The City of Ione was incorporated as a General Law City in 1953.

Ione has many landmarks and historical points of interest. Three are listed as California Historical Landmarks:
- The Preston School of Industry, known as The Castle, was built between 1890–1894 to serve as a school for juveniles referred by the courts.

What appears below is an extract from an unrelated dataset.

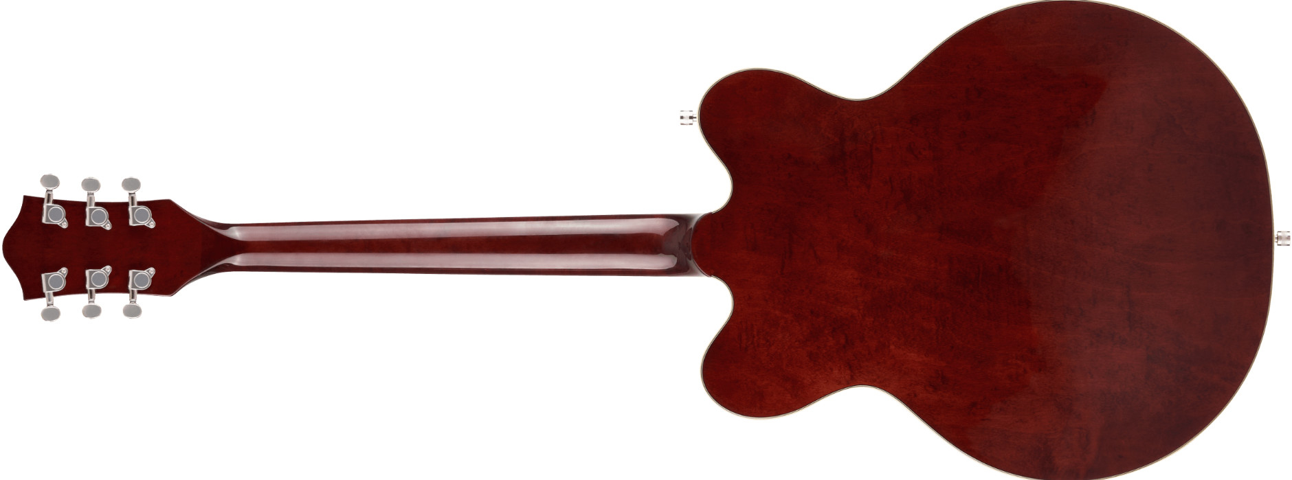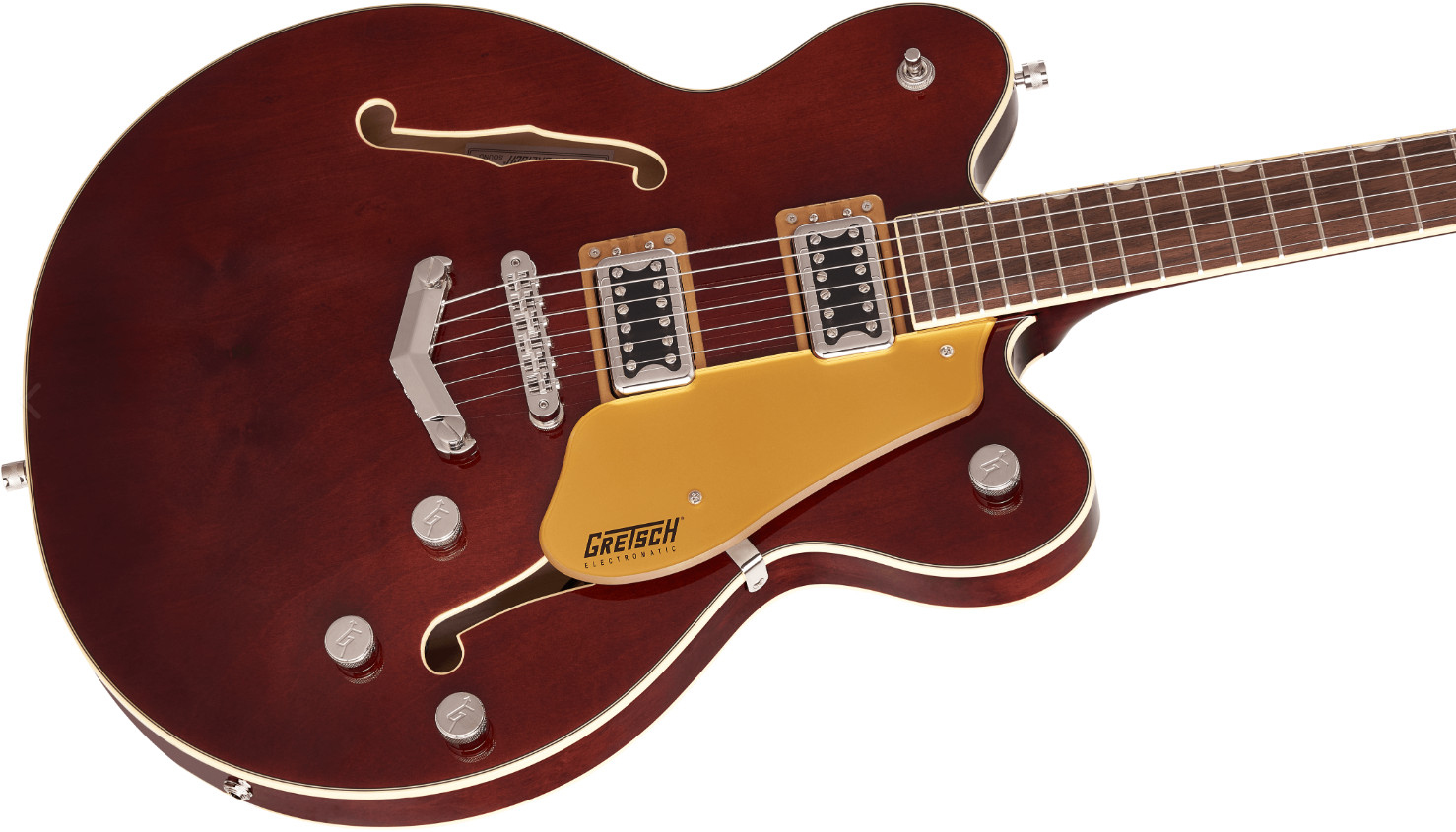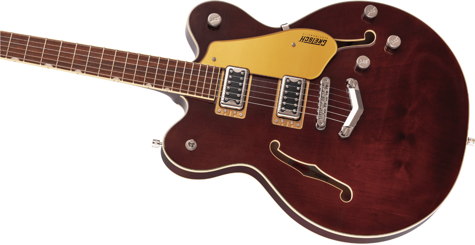 Другие особенности GRETSCH G5622 ELECTROMATIC CENTER BLOCK DOUBLE-CUT WITH V-STOPTAIL AGED WALNUT включают бридж Anchored Adjusto-Matic, верхний порожек Graph Tech NuBone и ручки потенциометров G-arrow.

The Castle is not in use, but the Preston Castle Foundation is working to help restore it.
- Community Methodist Church of Ione
- D. Stewart Company Store (#788)

==Geography==
Ione is located at . According to the United States Census Bureau, the city has a total area of 11.98 km2, of which 11.86 km2 is land and 0.12 km2 (0.99%) is water.

===Climate===
According to the Köppen Climate Classification system, Ione has a warm-summer Mediterranean climate, abbreviated "Csa" on climate maps.

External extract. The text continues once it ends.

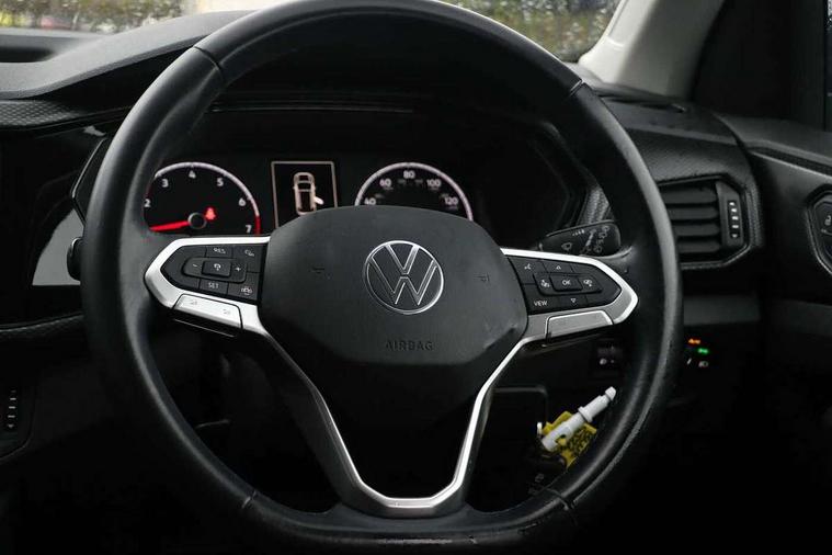 'Lights On' Reminder warning buzzer, Adaptive cruise control including front assist, forward collision warning, autonomous emergency braking, speed limiter, Blind spot monitoring, Bluetooth telephone and audio connection for compatible devices, Car information display, Driver alert system, eCall emergency call system, Lane assist, Low washer fluid warning light, Multifunction computer with visual gear change recommendation for fuel consumption, Operating permit alteration, Power assisted speed sensitive steering, Speedo, rev counter, electronic odometer, trip, service interval display, exterior temperature and fuel gauge, Stop/start system, Warning sound and light for doors and tailgate open, Warning sound and light for front seatbelts unfastened, We Connect Go Dongle, Wireless Car net app connect with Apple CarPlay, combined functionality of Apple CarPlay/Android Auto and MirrorLink, Battery regeneration during braking, Misfuel prevention device, 2x USB connection with USB charging sockets and in rear centre console, DAB Digital radio receiver, Diversity antenna for FM reception, Multi device interface (MDI) with USB connection, Music playback - MP3, WMA and AAC files, Premium USB cable for Apple or Android smartphone compatibility, Simultaneous pairing of 2 compatible mobile devices, Title and cover art display, Automatic hazard lights activation under emergency braking, Black roof rails, Body colour door handles, Body colour door mirrors with integrated indicators, Body coloured bumpers, Dusk sensor + automatic driving lights, Electrically foldable, adjustable and heated door mirrors with reverse activated kerb view adjustment on passenger's side, Front and rear electric windows, Front fog lights with static cornering function, Galvanised body, Heated rear window, LED third brake light, Lower door sills and door pillars in black, Radiator grille with high gloss surface and chrome strip, Rear fog light on one side, reversing light on both sides, Rear lights incorporating LED technology, Rear side wing doors, Rear window aerial, Rear windscreen washer and wiper with interval delay, Reflectors in all doors, Tailgate with integrated roof spoiler, Windscreen wipers/ intermittent wipe + 4 position delay, 12V Accessory socket in centre console, 3 rear head restraints and 3 rear three point seat belts with ECE label, 3 seat bench in 2nd row, 60/40 split folding rear seat backrest, Drawer under drivers seat, Driver and front passenger sunvisor with vanity mirror, Driver's sunvisor with ticket holder, Dust and pollen filter, Front and rear reading lights X 2, Front centre armrest with storage compartment, Front seat back storage pockets, Front seats with adjustable lumbar support, Glovebox, Heating and fresh air system with 4 stage blower, Height/reach adjust steering wheel, Instrument lighting white adjustable panel illumination, Interior light with delay, Isofix child seat preparation for 2 rear child seats, Luggage compartment cover, Luggage compartment lighting, Manual air conditioning, Manual front seats with height adjustment, Moveable and foldable Rear bench seat, Single front passenger seat, Storage compartment in drivers and front passengers door, Three spoke multi-function leather trimmed steering wheel and gearknob, Triangle ties/pearl cloth upholstery, Variable boot floor, Anti-lock Braking System (ABS) with Hydraulic Brake Assist (HBA), Automatic post collision braking system, Driver and front passenger safety-optimised head restraints, Drivers and Front Passengers airbags with front passengers airbag deactivation switch, ESC with EDL, ASR, EDTC and trailer stabilisation function, Extended and proactive pedestrian protection, Front and rear curtain airbags, Front seat side impact airbags, Height adjustable 3 point automatic front seatbelts with pretensioners, Hill start assist, Pre crash preventive occupant protection, Rear door child safety locks, Rigid safety cell with front and rear crumple zones, Single torn horn, Tyre pressure loss indicator, Volkswagen roadside assistance, Alarm with interior protection and deactivation via infotainment system, Child security locks in rear doors, Electronic engine immobiliser, Remote tailgate unlocking using key fob, Pineapple decorative inserts in dash and doors, 17" Clayton alloy wheels + anti theft wheel bolts, Breakdown kit,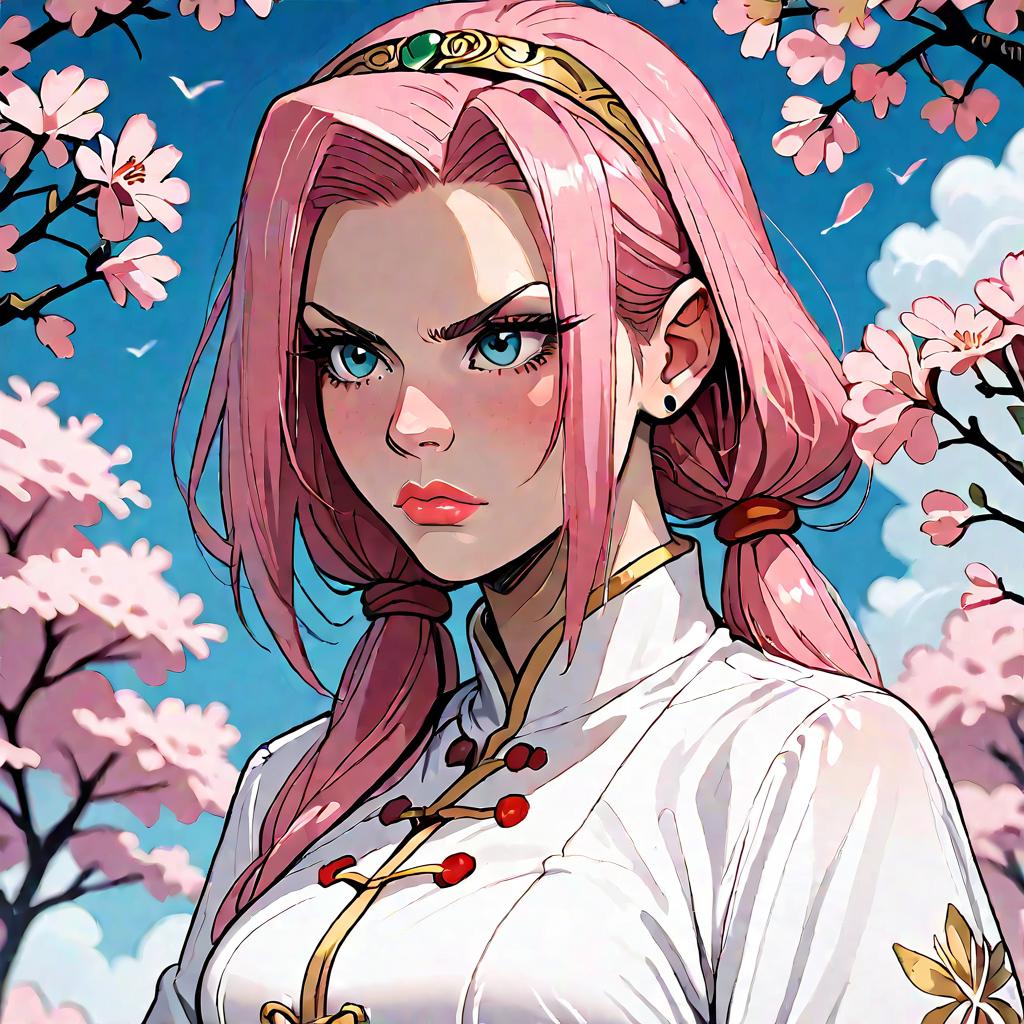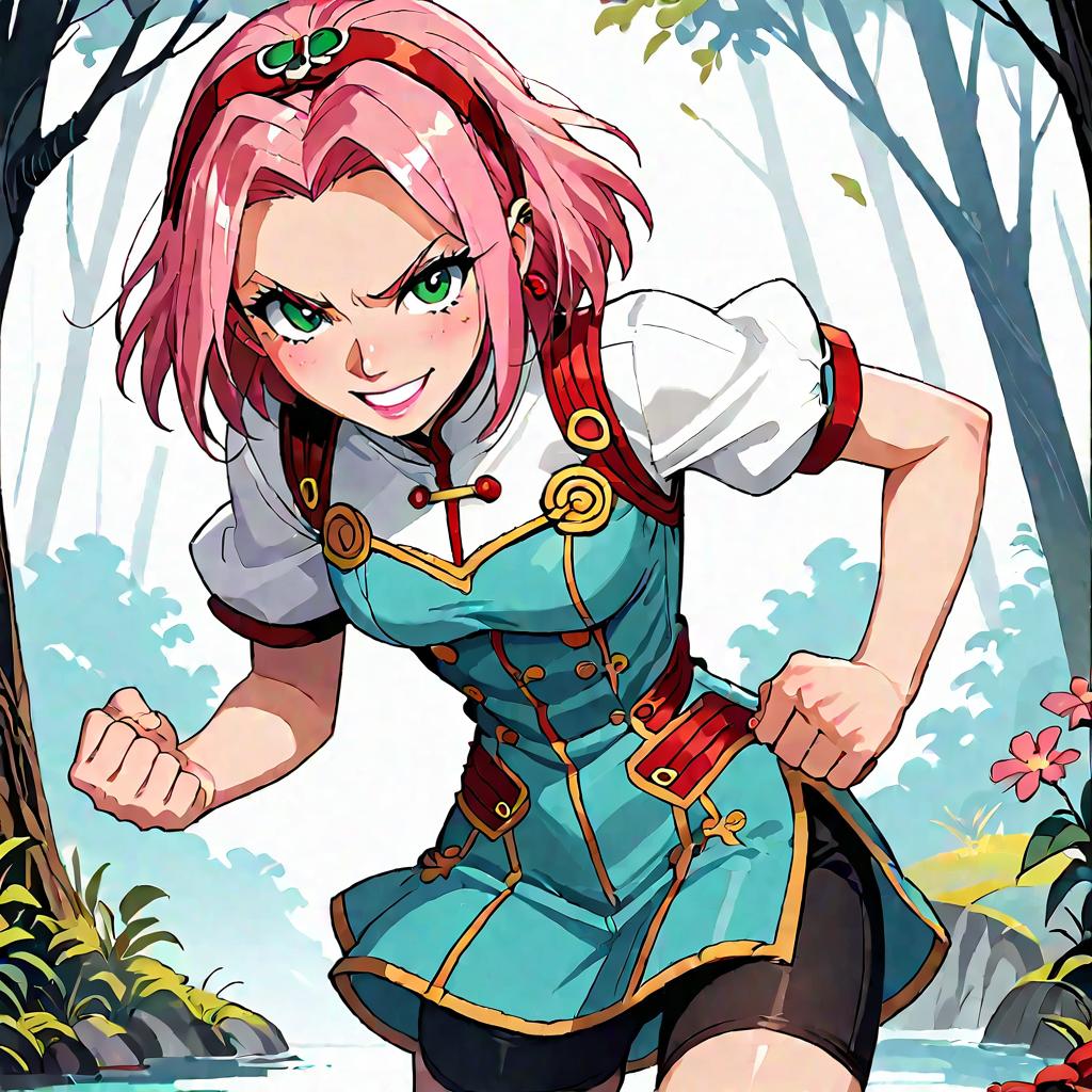Score_9, score_8_up, source_anime, 1girl, haruno sakura, pink hair, long hair, green eyes, red qipao, short sleeves, bike shorts, clenched hands, solo, looking at viewer, angry, standing, smile, cowboy shot, outdoors, forest, anime screencap

Climate data for Ione, 1991–2020 simulated normals (308 ft elevation)
| Month | Jan | Feb | Mar | Apr | May | Jun | Jul | Aug | Sep | Oct | Nov | Dec | Year |
| Mean daily maximum °F (°C) | 55.6 (13.1) | 60.6 (15.9) | 65.5 (18.6) | 71.1 (21.7) | 79.3 (26.3) | 87.6 (30.9) | 93.6 (34.2) | 92.8 (33.8) | 88.0 (31.1) | 78.1 (25.6) | 64.8 (18.2) | 55.9 (13.3) | 74.4 (23.6) |
| Daily mean °F (°C) | 47.3 (8.5) | 50.9 (10.5) | 54.7 (12.6) | 58.6 (14.8) | 65.3 (18.5) | 71.8 (22.1) | 76.5 (24.7) | 76.1 (24.5) | 72.3 (22.4) | 64.0 (17.8) | 53.8 (12.1) | 47.1 (8.4) | 61.5 (16.4) |
| Mean daily minimum °F (°C) | 39.0 (3.9) | 41.0 (5.0) | 43.7 (6.5) | 46.2 (7.9) | 51.1 (10.6) | 55.9 (13.3) | 59.4 (15.2) | 59.4 (15.2) | 56.7 (13.7) | 50.2 (10.1) | 43.0 (6.1) | 38.5 (3.6) | 48.7 (9.3) |
| Average precipitation inches (mm) | 4.17 (106.00) | 4.01 (101.92) | 3.61 (91.61) | 2.39 (60.77) | 0.87 (22.17) | 0.25 (6.23) | 0.00 (0.00) | 0.02 (0.45) | 0.15 (3.88) | 1.06 (26.93) | 2.35 (59.67) | 3.84 (97.48) | 22.72 (577.11) |
| Average dew point °F (°C) | 41.2 (5.1) | 42.4 (5.8) | 44.4 (6.9) | 44.6 (7.0) | 47.5 (8.6) | 50.7 (10.4) | 52.7 (11.5) | 51.6 (10.9) | 49.1 (9.5) | 45.3 (7.4) | 43.5 (6.4) | 40.3 (4.6) | 46.1 (7.8) |
Source: PRISM Climate Group

==Demographics==

Historical population
| Census | Pop. | Note | %± |
| 1880 | 686 |  | — |
| 1890 | 806 |  | 17.5% |
| 1960 | 1,118 |  | — |
| 1970 | 2,369 |  | 111.9% |
| 1980 | 2,207 |  | −6.8% |
| 1990 | 6,516 |  | 195.2% |
| 2000 | 7,129 |  | 9.4% |
| 2010 | 7,918 |  | 11.1% |
| 2020 | 5,141 |  | −35.1% |
| 2023 (est.) | 5,431 | Increase | 5.6% |
U.S. Decennial Census

===2020 census===

As of the 2020 census, Ione had a population of 5,141. The population density was 1,122.5 PD/sqmi. The median age was 43.6 years. The age distribution was 21.1% under the age of 18, 6.9% aged 18 to 24, 23.5% aged 25 to 44, 26.3% aged 45 to 64, and 22.2% who were 65 years of age or older. For every 100 females there were 105.6 males, and for every 100 females age 18 and over there were 104.9 males age 18 and over.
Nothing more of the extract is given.